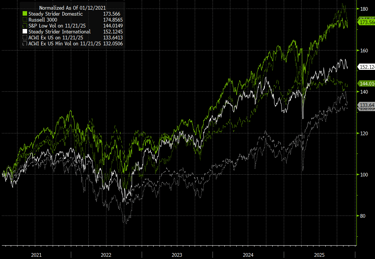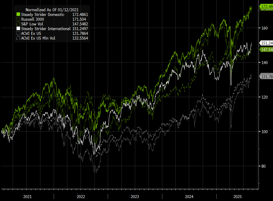 All performance is gross of fees. The paper portfolio performance is hypothetical and was calculated as follows: At portfolio inception, we uploaded paper portfolios onto Bloomberg’s “PORT” portfolio management system, and the software tracks daily total returns by calculating the total return of each security (using the prices on the Bloomberg system each day along with any dividends) and aggregating to the portfolio level. These daily returns are then chain linked to calculate the geometric monthly and annual returns shown here. At each quarterly rebalance date (typically on the weekend following the 12th of Feb, May, Aug, and Nov), a revised portfolio with the new rebalancing weights was added to the system, which was then used for the subsequent quarter. Although the returns reflect decisions made on the rebalancing dates and are not backtested, they are hypothetical and assume end of day prices based on Bloomberg's pricing that may not be truly executable (and cannot capture transaction costs and market impact). Because the performance is hypothetical, it does not comply with GIPS standards. Past performance is not indicative of future results. All investing is subject to risk, including the possible loss of the money you invest. Investments in stocks or bonds issued by non-U.S. companies are subject to risks including country/regional risk and currency risk. Investments could lose money over short or even long periods. You should expect your account value to fluctuate within a wide range, just as the overall stock market does. Your performance can be hurt if stock prices decline, including cyclical periods of falling prices. Investments in foreign stocks can be riskier than U.S. stock investments because they tend to be more volatile and less liquid. They are also subject to the risks of negative events in specific countries or regions. The factors underlying the specific strategies selected may experience long periods of underperformance, causing results to be less than expected. Additionally, poor security selection may cause underperformance relative to benchmarks or other funds with a similar investment objectives.
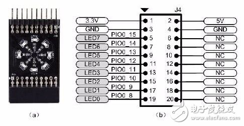 LED 模块通过MiniPort B(排母)与AM824-Core相连,同时将其余不使用的I/O 通过MiniPort A(排针)引出,实现模块的横向堆叠,其对应AM824-Core 的MiniPort 接口J4 的功能定义详见图4.8。
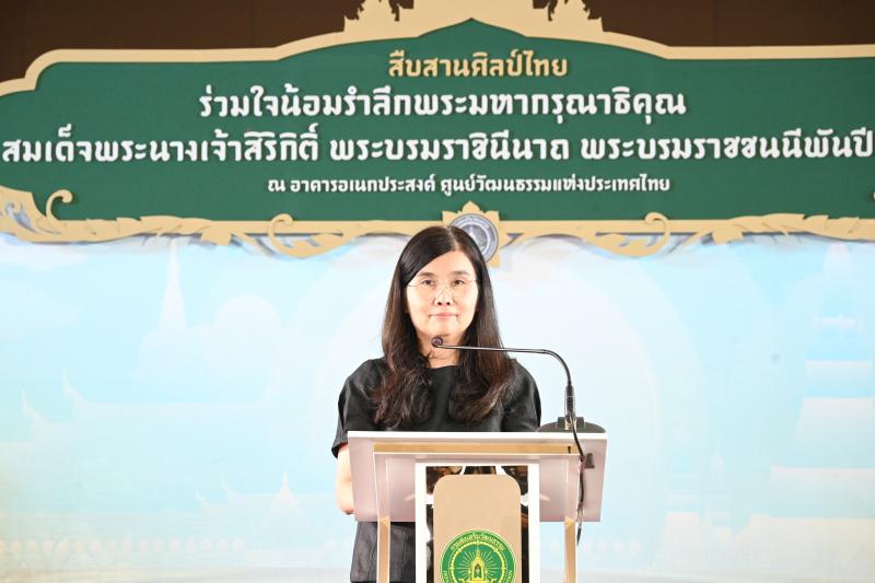 นางยุถิกา อิศรางกูร ณ อยุธยา อธิบดีกรมส่งเสริมวัฒนธรรม กล่าวว่า กิจกรรมสืบสานศิลป์ไทย ร่วมใจน้อมรำลึกพระมหากรุณาธิคุณ สมเด็จพระนางเจ้าสิริกิติ์ พระบรมราชินีนาถ พระบรมราชชนนีพันปีหลวง ภายใต้โครงการเปิดศูนย์วัฒนธรรมแห่งประเทศไทยเป็นแหล่งเรียนรู้ทางวัฒนธรรม เป็นการใช้พื้นที่ให้ศูนย์วัฒนธรรมให้เกิดประโยชน์อย่างสูงสุด เป็นการเปิดโอกาสให้เด็ก เยาวชน และประชาชนทั่วไป ได้มีพื้นที่แสดงออกและถ่ายทอดศิลปวัฒนธรรมอย่างสร้างสรรค์ และโครงการนี้จัดขึ้นในห้วงเวลาของการจัดแสดงโขนมูลนิธิศิลปาชีพ ในสมเด็จพระนางเจ้าสิริกิติ์ พระบรมราชินีนาถ พระบรมราชชนนีพันปีหลวง ตอน "สัตยาพาลี” เพื่อน้อมรำลึกในพระมหากรุณาธิคุณและสืบสานพระปณิธานของสมเด็จพระนางเจ้าสิริกิติ์ พระบรมราชินีนาถ พระบรมราชชนนีพันปีหลวง ผู้ทรงทำนุบำรุงศิลปวัฒนธรรม โดยเฉพาะศิลปะการแสดง ให้คงอยู่คู่แผ่นดินไทยอย่างสง่างาม กรมส่งเสริมวัฒนธรรมขอขอบคุณศิลปินแห่งชาติ ศิลปินศิลปาธร คณะนักแสดง และเครือข่ายด้านศิลปวัฒนธรรมทุกแห่ง ที่ทำให้กิจกรรมการแสดงในโครงการนี้มีความหลากหลาย ทั้งการแสดงเชิงอนุรักษ์ พื้นบ้าน สร้างสรรค์ การขับร้องประสานเสียง การบรรเลงดนตรีสากล และการแสดงร่วมสมัย ซึ่งทุกท่านมีความตั้งใจร่วมน้อมรำลึกในพระมหากรุณาธิคุณ และร่วมกันเป็นกำลังสำคัญในการสืบสานมรดกทางศิลปวัฒนธรรมของชาติให้คงอยู่สืบไป

**Activity:**
An exact, picture-free copy of the listing above is the goal; write it out now.

**Response to the task:**
 All performance is gross of fees. The paper portfolio performance is hypothetical and was calculated as follows: At portfolio inception, we uploaded paper portfolios onto Bloomberg’s “PORT” portfolio management system, and the software tracks daily total returns by calculating the total return of each security (using the prices on the Bloomberg system each day along with any dividends) and aggregating to the portfolio level. These daily returns are then chain linked to calculate the geometric monthly and annual returns shown here. At each quarterly rebalance date (typically on the weekend following the 12th of Feb, May, Aug, and Nov), a revised portfolio with the new rebalancing weights was added to the system, which was then used for the subsequent quarter. Although the returns reflect decisions made on the rebalancing dates and are not backtested, they are hypothetical and assume end of day prices based on Bloomberg's pricing that may not be truly executable (and cannot capture transaction costs and market impact). Because the performance is hypothetical, it does not comply with GIPS standards. Past performance is not indicative of future results. All investing is subject to risk, including the possible loss of the money you invest. Investments in stocks or bonds issued by non-U.S. companies are subject to risks including country/regional risk and currency risk. Investments could lose money over short or even long periods. You should expect your account value to fluctuate within a wide range, just as the overall stock market does. Your performance can be hurt if stock prices decline, including cyclical periods of falling prices. Investments in foreign stocks can be riskier than U.S. stock investments because they tend to be more volatile and less liquid. They are also subject to the risks of negative events in specific countries or regions. The factors underlying the specific strategies selected may experience long periods of underperformance, causing results to be less than expected. Additionally, poor security selection may cause underperformance relative to benchmarks or other funds with a similar investment objectives.
 LED 模块通过MiniPort B(排母)与AM824-Core相连,同时将其余不使用的I/O 通过MiniPort A(排针)引出,实现模块的横向堆叠,其对应AM824-Core 的MiniPort 接口J4 的功能定义详见图4.8。
 นางยุถิกา อิศรางกูร ณ อยุธยา อธิบดีกรมส่งเสริมวัฒนธรรม กล่าวว่า กิจกรรมสืบสานศิลป์ไทย ร่วมใจน้อมรำลึกพระมหากรุณาธิคุณ สมเด็จพระนางเจ้าสิริกิติ์ พระบรมราชินีนาถ พระบรมราชชนนีพันปีหลวง ภายใต้โครงการเปิดศูนย์วัฒนธรรมแห่งประเทศไทยเป็นแหล่งเรียนรู้ทางวัฒนธรรม เป็นการใช้พื้นที่ให้ศูนย์วัฒนธรรมให้เกิดประโยชน์อย่างสูงสุด เป็นการเปิดโอกาสให้เด็ก เยาวชน และประชาชนทั่วไป ได้มีพื้นที่แสดงออกและถ่ายทอดศิลปวัฒนธรรมอย่างสร้างสรรค์ และโครงการนี้จัดขึ้นในห้วงเวลาของการจัดแสดงโขนมูลนิธิศิลปาชีพ ในสมเด็จพระนางเจ้าสิริกิติ์ พระบรมราชินีนาถ พระบรมราชชนนีพันปีหลวง ตอน "สัตยาพาลี” เพื่อน้อมรำลึกในพระมหากรุณาธิคุณและสืบสานพระปณิธานของสมเด็จพระนางเจ้าสิริกิติ์ พระบรมราชินีนาถ พระบรมราชชนนีพันปีหลวง ผู้ทรงทำนุบำรุงศิลปวัฒนธรรม โดยเฉพาะศิลปะการแสดง ให้คงอยู่คู่แผ่นดินไทยอย่างสง่างาม กรมส่งเสริมวัฒนธรรมขอขอบคุณศิลปินแห่งชาติ ศิลปินศิลปาธร คณะนักแสดง และเครือข่ายด้านศิลปวัฒนธรรมทุกแห่ง ที่ทำให้กิจกรรมการแสดงในโครงการนี้มีความหลากหลาย ทั้งการแสดงเชิงอนุรักษ์ พื้นบ้าน สร้างสรรค์ การขับร้องประสานเสียง การบรรเลงดนตรีสากล และการแสดงร่วมสมัย ซึ่งทุกท่านมีความตั้งใจร่วมน้อมรำลึกในพระมหากรุณาธิคุณ และร่วมกันเป็นกำลังสำคัญในการสืบสานมรดกทางศิลปวัฒนธรรมของชาติให้คงอยู่สืบไป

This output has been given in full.